Later, I learned what happened after I lost consciousness in my friend’s living room. I was admitted to the hospital with the worst case of Covid-19 the medical staff had seen up to that point. I’d gone into cardiac arrest. My heart had stopped in the ambulance. The CPR it took to revive me was so intense, some of my ribs had been fractured. By the time I got to the hospital, I was in full organ failure. For all intents and purposes, I was dead.

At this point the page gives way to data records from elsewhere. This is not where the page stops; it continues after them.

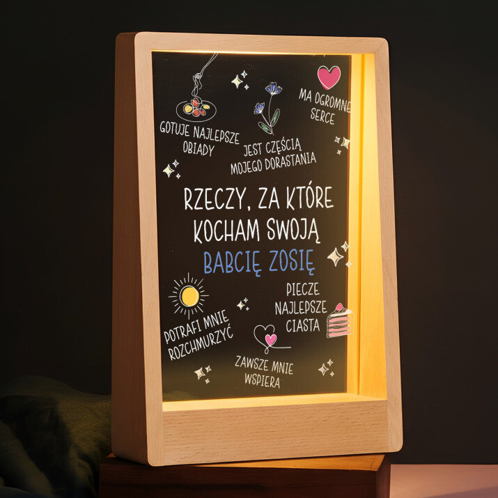 Wydruk na szkle akrylowym z podstawką drewnianą.
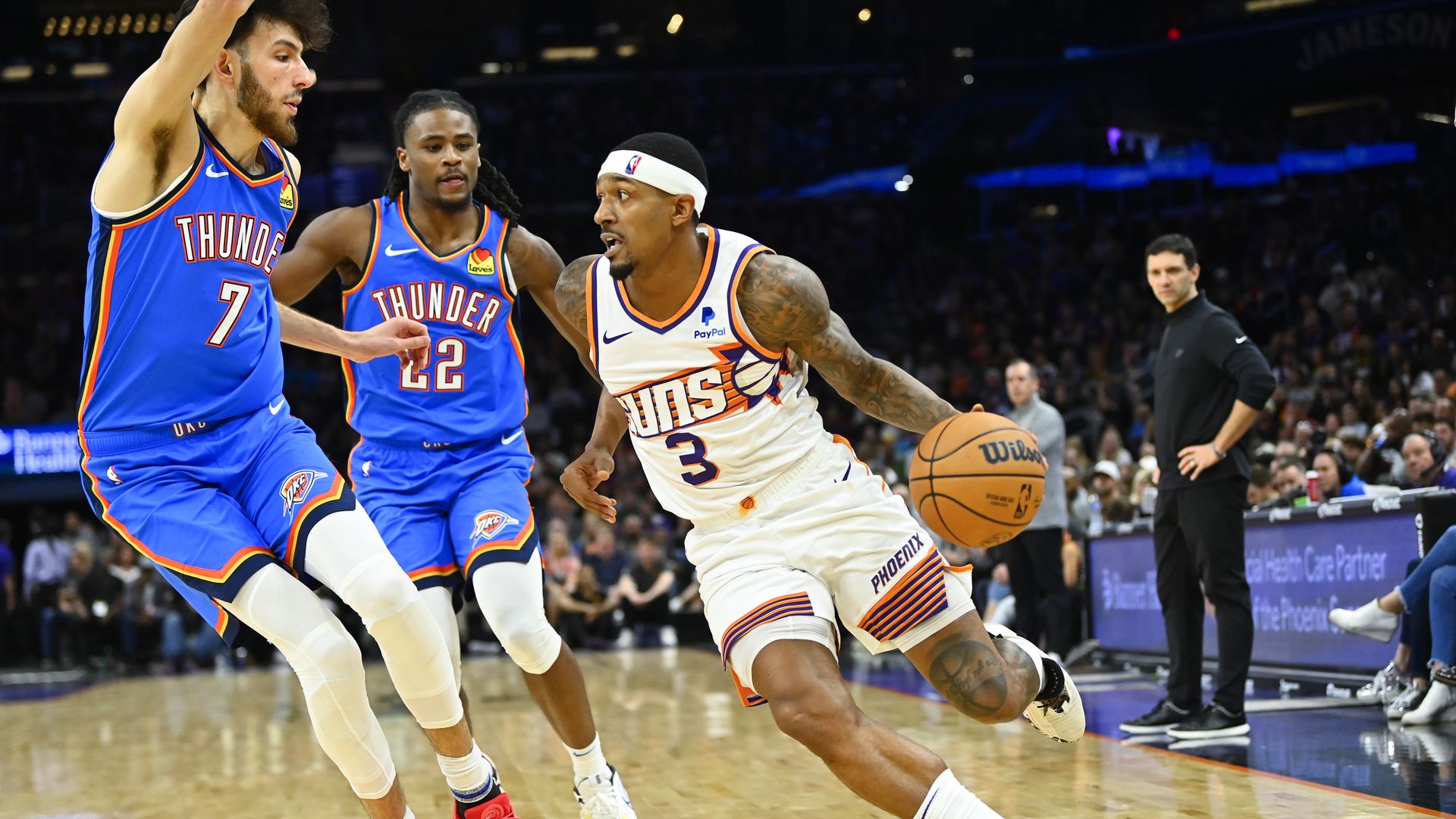 The Suns' Bradley Beal drives against Chet Holmgren and Cason Wallace of the Oklahoma City Thunder on Monday. Photo: Kelsey Grant/Getty Images
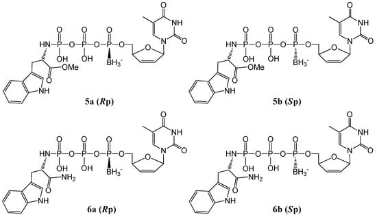 Structures of d4T α-P-borano-γ-P-N-l-tryptophanyltriphosphates (5a, 5b, 6a, 6b).
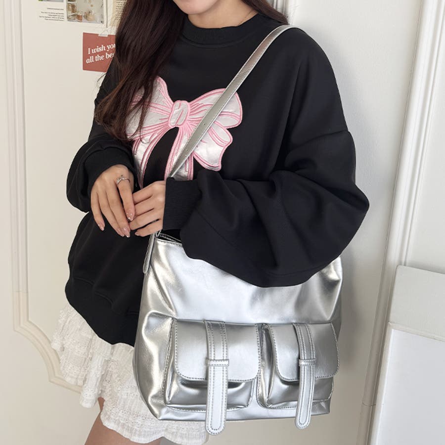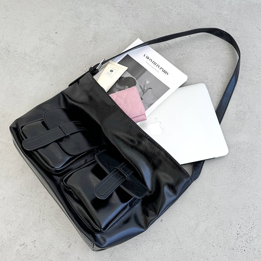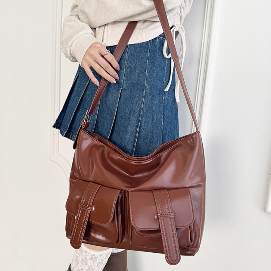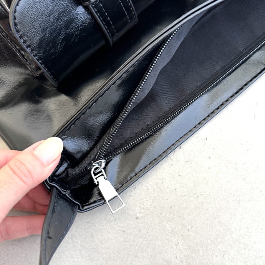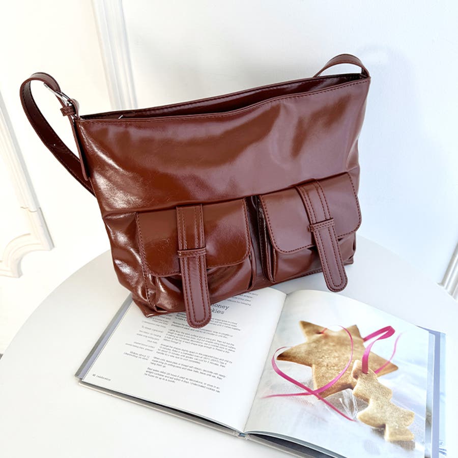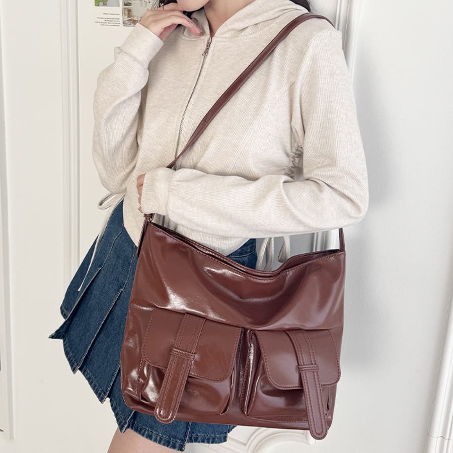 ・フロントのダブルポケット&ベルトデザインが旬なショルダーバッグ
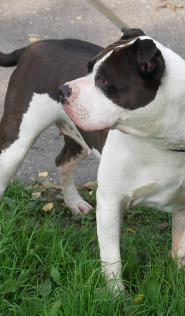 Wallpaper American Staffordshire Terrier on a leash
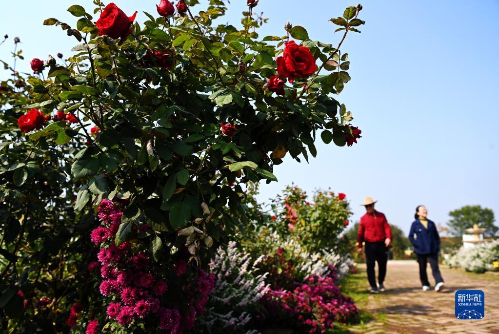 游客在西安市長安區太陽葡萄小鎮農業景區參觀(10月21日攝)。
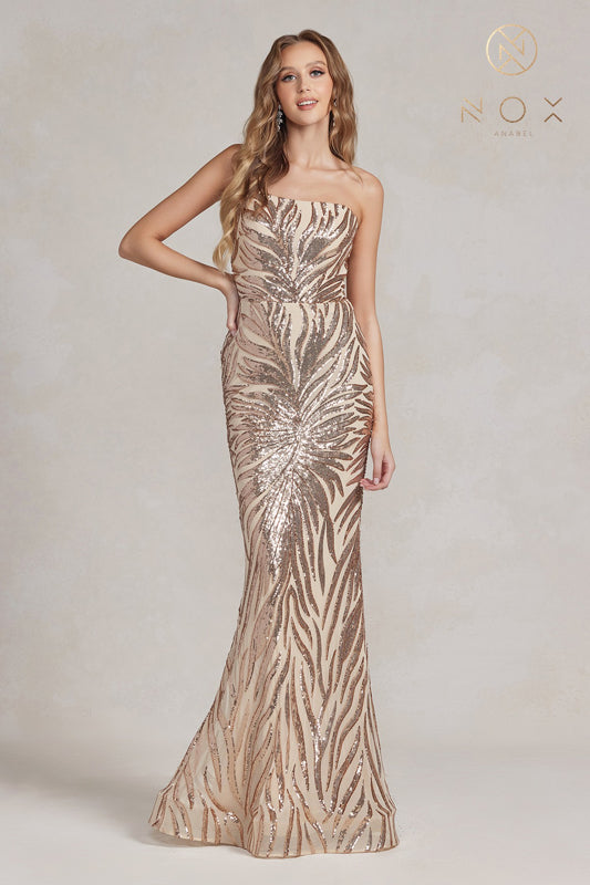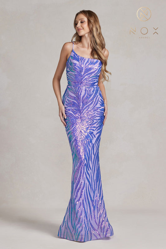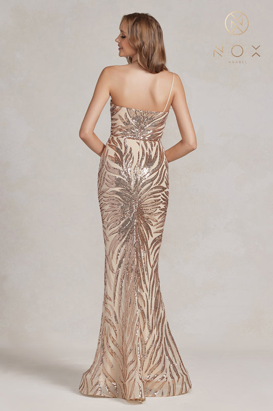 Entrance the entire ballroom as you glide gracefully in the enchanting Nox Anabel R1204 masterpiece. Embellished with a captivating trailing foliage pattern of sequins on a figure-enhancing form, this gown showcases an asymmetrical neckline adorned with a delicate spaghetti strap. Elegantly crafted with a midrise accent and a secure zipper closure, this ensemble achieves its allure with an embellished skirt that boasts a shimmering train, seamlessly embodying a captivating mermaid silhouette. Command the spotlight in this mesmerizing Nox Anabel creation, leaving an indelible impression on all who behold your presence.
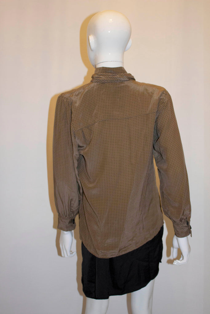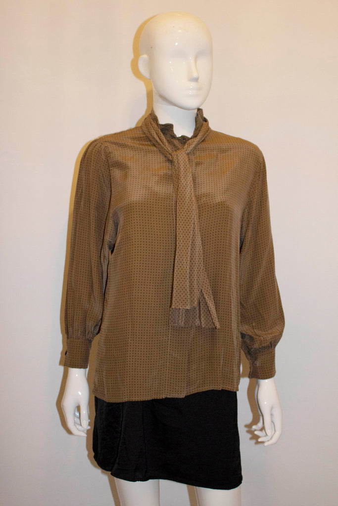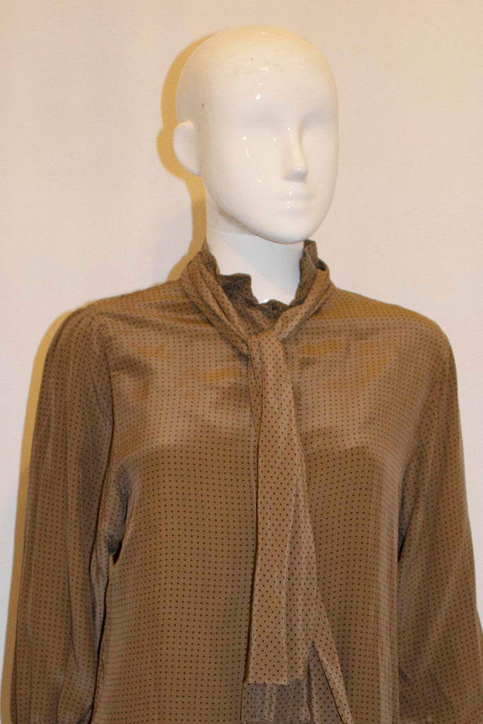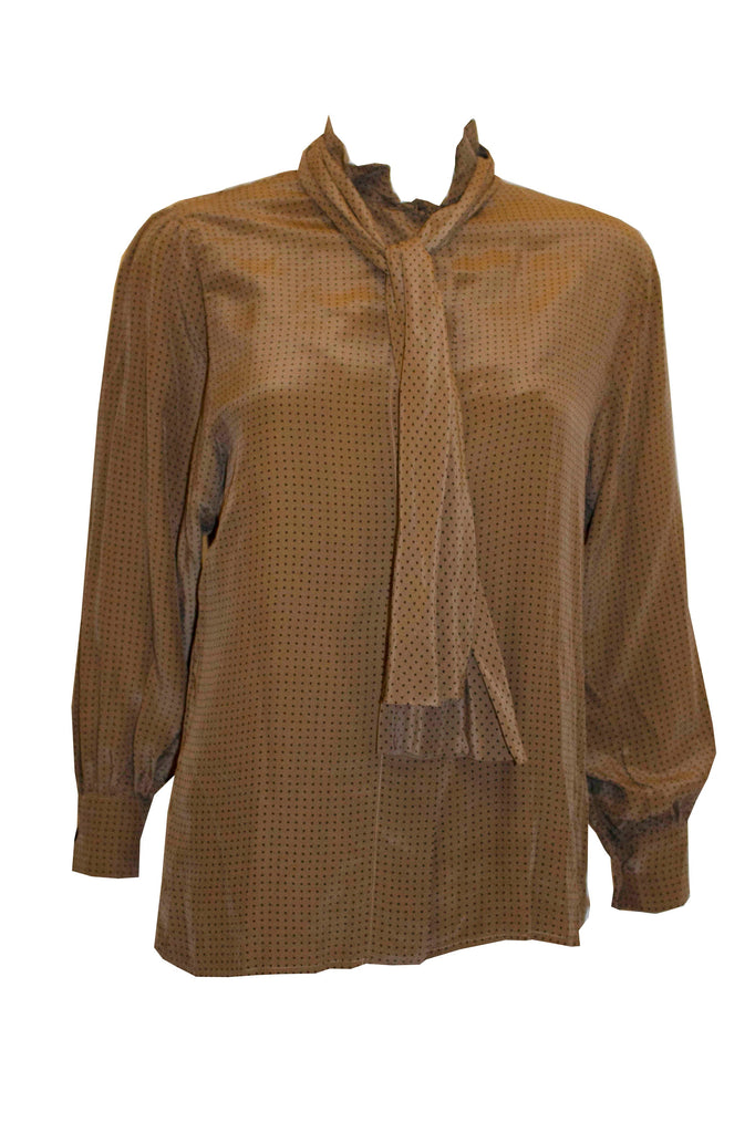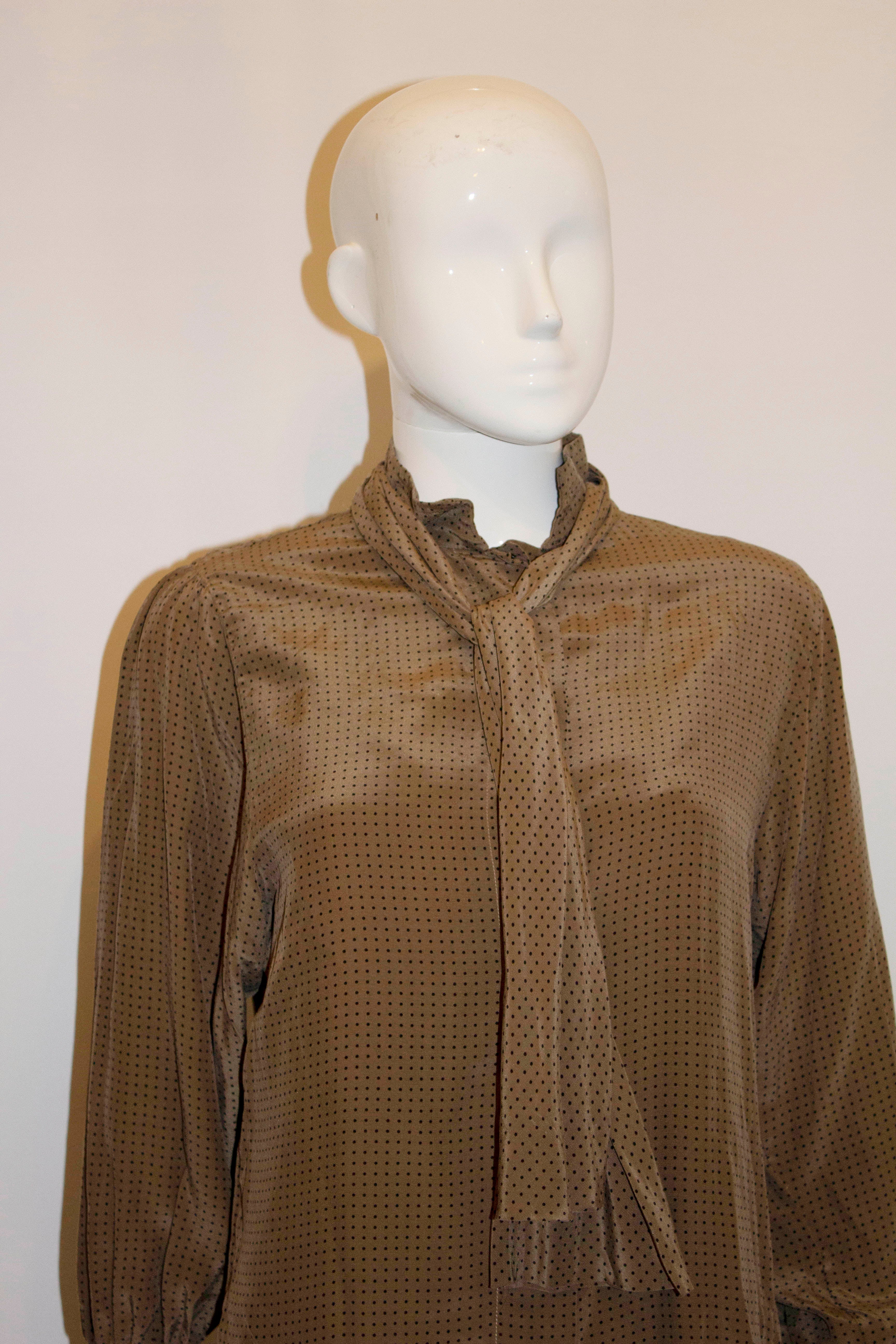 A super soft vintage silk blouse by Gloria Sachs, New York.The blouse is in a coffee coloured silk with black dots , a single button cuff , front opening and attached kneck tie.
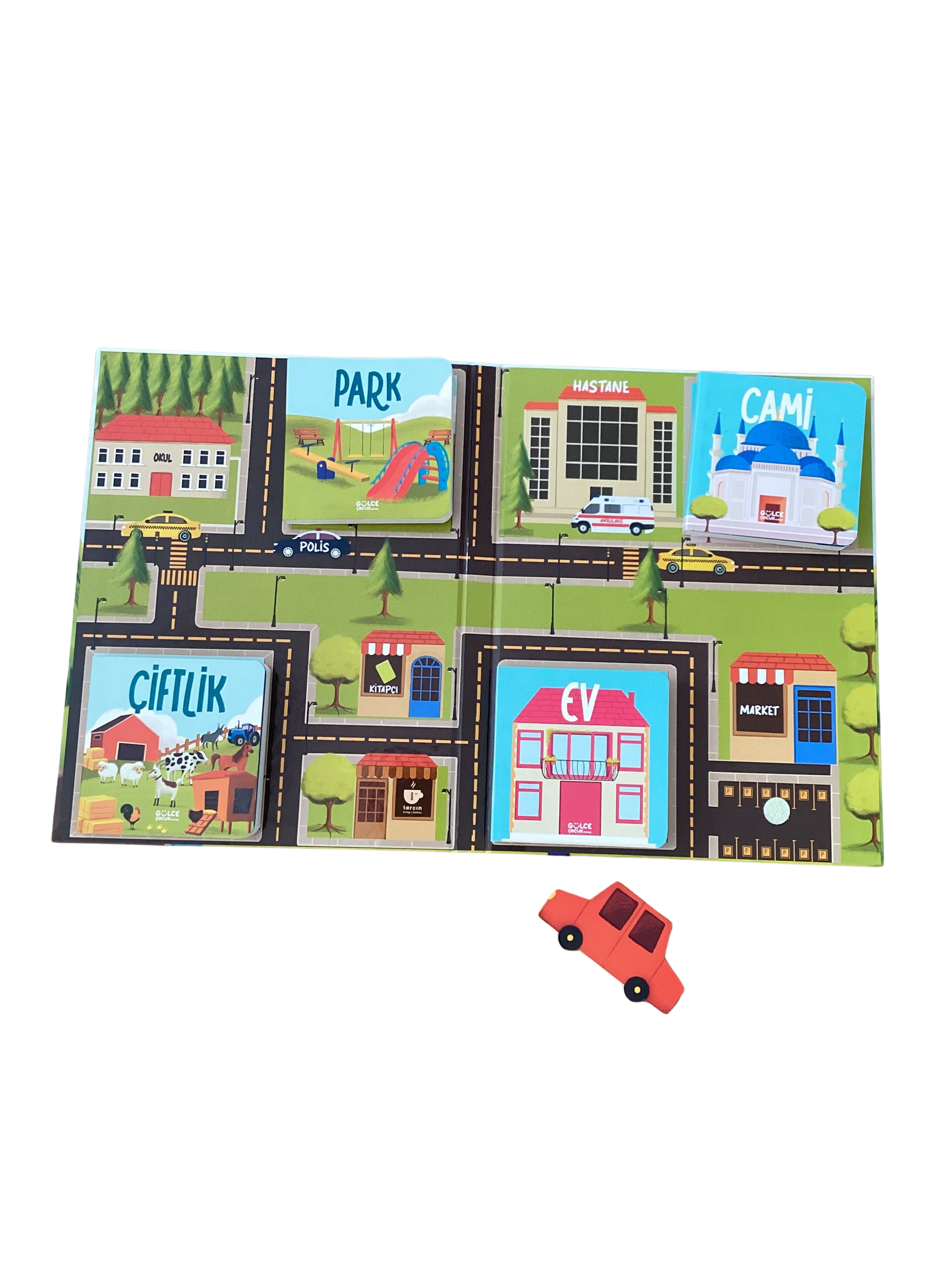 Bu özel karton kitap seti, kitapları bir oyuncağa dönüştürerek öğrenmeyi eğlenceli hâle getiriyor. Kitabı açtığında içinde sabitlenmiş dört ayrı mini kitap ve bir mahalle krokisi seni karşılıyor. Oyuncak arabayla mahallede gezebilir, duraklarda bulunan kitapları alarak ilk kelimelerini keşfedebilirsin.

Even after I was revived, doctors initially estimated that I had only a 1 percent chance of surviving Covid. Against all odds, I made it. I was in the hospital for two months before I was finally strong enough to begin physical therapy. I had to relearn how to do basic things like sit up on my own, walk and talk. I honestly don’t think I would’ve been able to do it if I hadn’t had Grandma’s message to cling to. Fight, Michael. And the love in the tall being’s eyes. I drew on that pure energy, which I feel came from God.

Since nearly dying of Covid-19 in July 2020, I’ve made an almost complete recovery. When I started PT, my doctors warned that I’d likely need oxygen or dialysis for the rest of my life, but I don’t need either. And although my body is finally close to returning to where it was before I got sick, my soul is forever—and beautifully—transformed.